Maybe a module Match() method can be called after Cleanup()?

Hello,

I’m the developer of caddy-maxmind-geolocation, a simple plugin to match requests based on the origin IP.

I open the MaxMind DB file in the Provision() method and I close it in the Cleanup() method.

I got an issue saying that, after a Caddy reload, my plugin begins to fail because it tries to access a closed database.

Unfortunately I still haven’t been able to reproduce it: I reloaded Caddy lots of times but it’s still working.

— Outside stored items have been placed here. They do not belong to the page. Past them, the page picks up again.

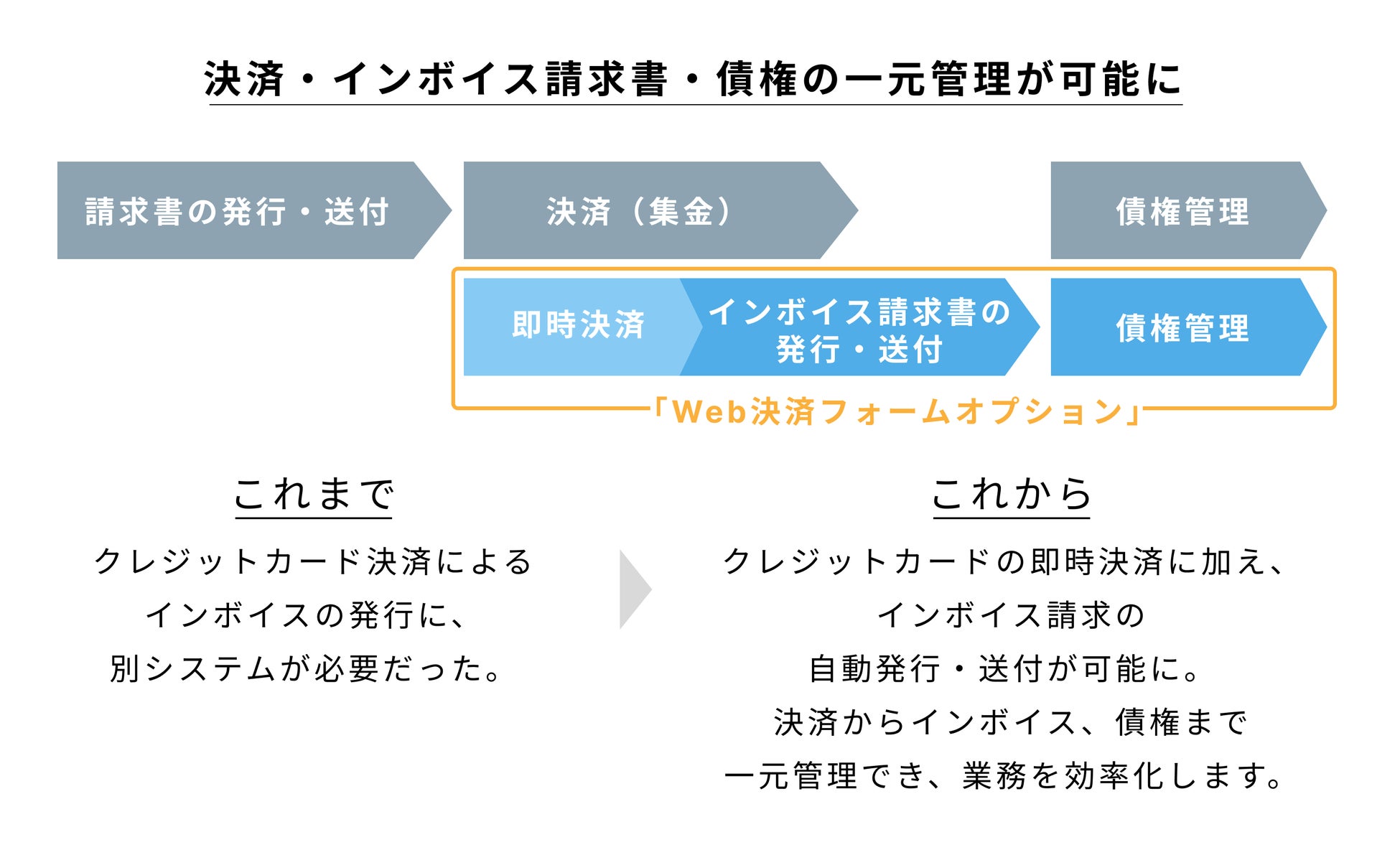 オンライン上でクレジットカードの即時決済・インボイス発行ができる機能を提供
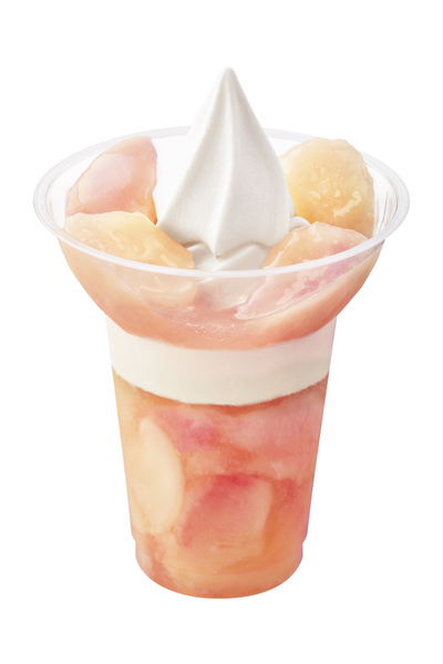 白桃は収穫後に追熟し、冷凍したものを使用しており、北海道ミルクソフトとの相性も抜群とのことです。
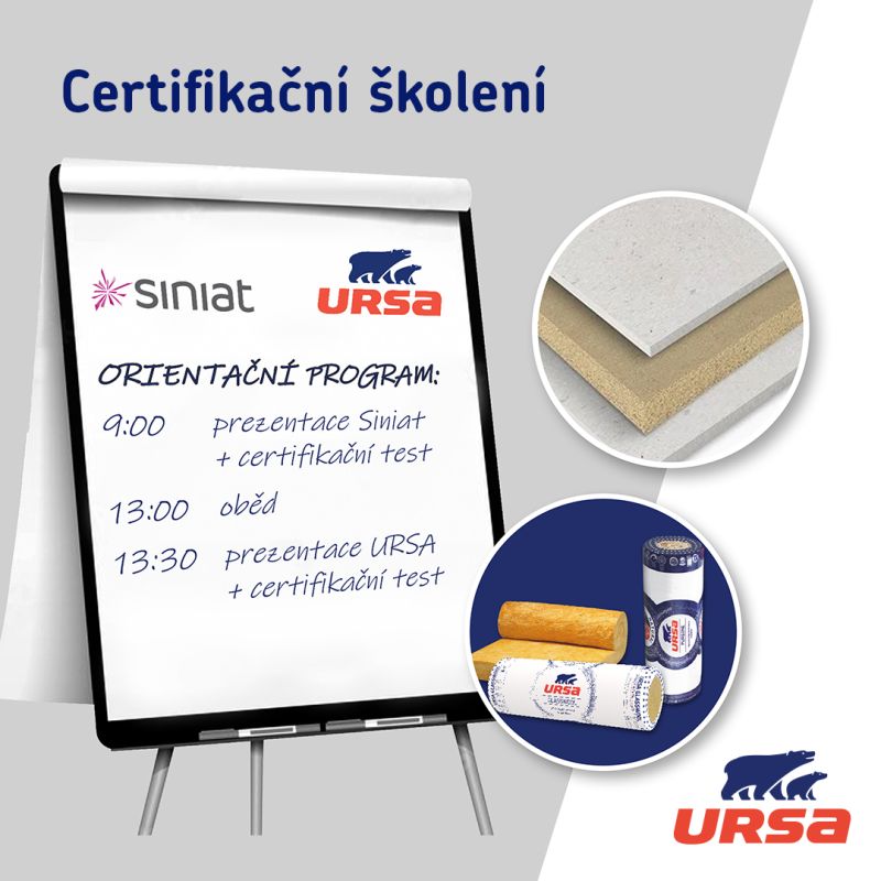 Společnosti URSA a Siniat pořádají pro své partnery i odbornou veřejnost prezentace a školení, které se budou konat ve dnech 1., 3. a 17. března 2023 v Říčanech u Brna, v Ostravě – Porubě a v Rožnově pod Radhoštěm. Hlavním cílem školení je přispět k tomu, aby byl materiál ve stavební konstrukci správně zabudován a plnil tak spolehlivě svou funkci.

However, I double-checked my code and the upstream dependency I use: the file is closed only by the Close() method, which I call only on Cleanup().

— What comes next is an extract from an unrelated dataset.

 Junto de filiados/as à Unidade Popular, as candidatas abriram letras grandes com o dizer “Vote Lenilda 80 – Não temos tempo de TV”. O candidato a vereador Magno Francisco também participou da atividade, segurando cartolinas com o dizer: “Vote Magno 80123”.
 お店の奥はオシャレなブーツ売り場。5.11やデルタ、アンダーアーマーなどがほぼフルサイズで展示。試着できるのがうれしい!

So it seems that, for the affected users, the Match() method is called on a module instance after Cleanup() has been called, that, if I got the lifecycle right, should never happen.

So here are my questions:

  1. Is there some situation this can happen, which I didn’t understand? Maybe this was a bug that has been solved recently? I had a look at the open and recently closed issues but I couldn’t find anything.

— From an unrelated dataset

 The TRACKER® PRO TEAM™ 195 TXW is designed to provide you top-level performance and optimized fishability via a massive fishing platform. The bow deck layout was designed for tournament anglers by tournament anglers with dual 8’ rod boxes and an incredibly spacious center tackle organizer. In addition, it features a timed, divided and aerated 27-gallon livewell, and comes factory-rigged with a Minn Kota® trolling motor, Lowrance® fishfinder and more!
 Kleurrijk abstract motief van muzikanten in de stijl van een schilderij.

  2. Is opening the file in Provision() the right way? Reading the documentation again, I see: “when in the provisioning phase, do not expect that the module will actually be used”. So maybe I’m not doing this right, but I don’t see a OkDudeTheModuleIsGoingToBeUsed() method. Should I open the file on the first call to Match() and, on every call to Match(), ensure it’s still open and re-open it if needed?

Thank you very much for your help!

1 Like

I think you’re doing it right. As long as having more than one instance of the module in memory at the same time doesn’t cause problems. Did you test for that?

Maybe it’s a problem with the underlying lib you’re using that doesn’t isolate instances of the DB properly.

2 Likes

I’d second what Francis said – modules will for a brief time be loaded into memory twice during config reloads (assuming the module is used in both the old and new configs).

But yeah, that sounds right overall.

If you can only have 1 instance of the DB open throughout the life of the whole server process, consider using a UsagePool:

https://pkg.go.dev/github.com/caddyserver/caddy/v2#UsagePool

Thank you for your suggestions. Actually the library seems to be doing nothing wrong: in the Provision() I call maxminddb.Open() that returns a *maxminddb.Reader that I store in the instance itself. Different instances should have different *maxminddb.Reader and everything should be fine.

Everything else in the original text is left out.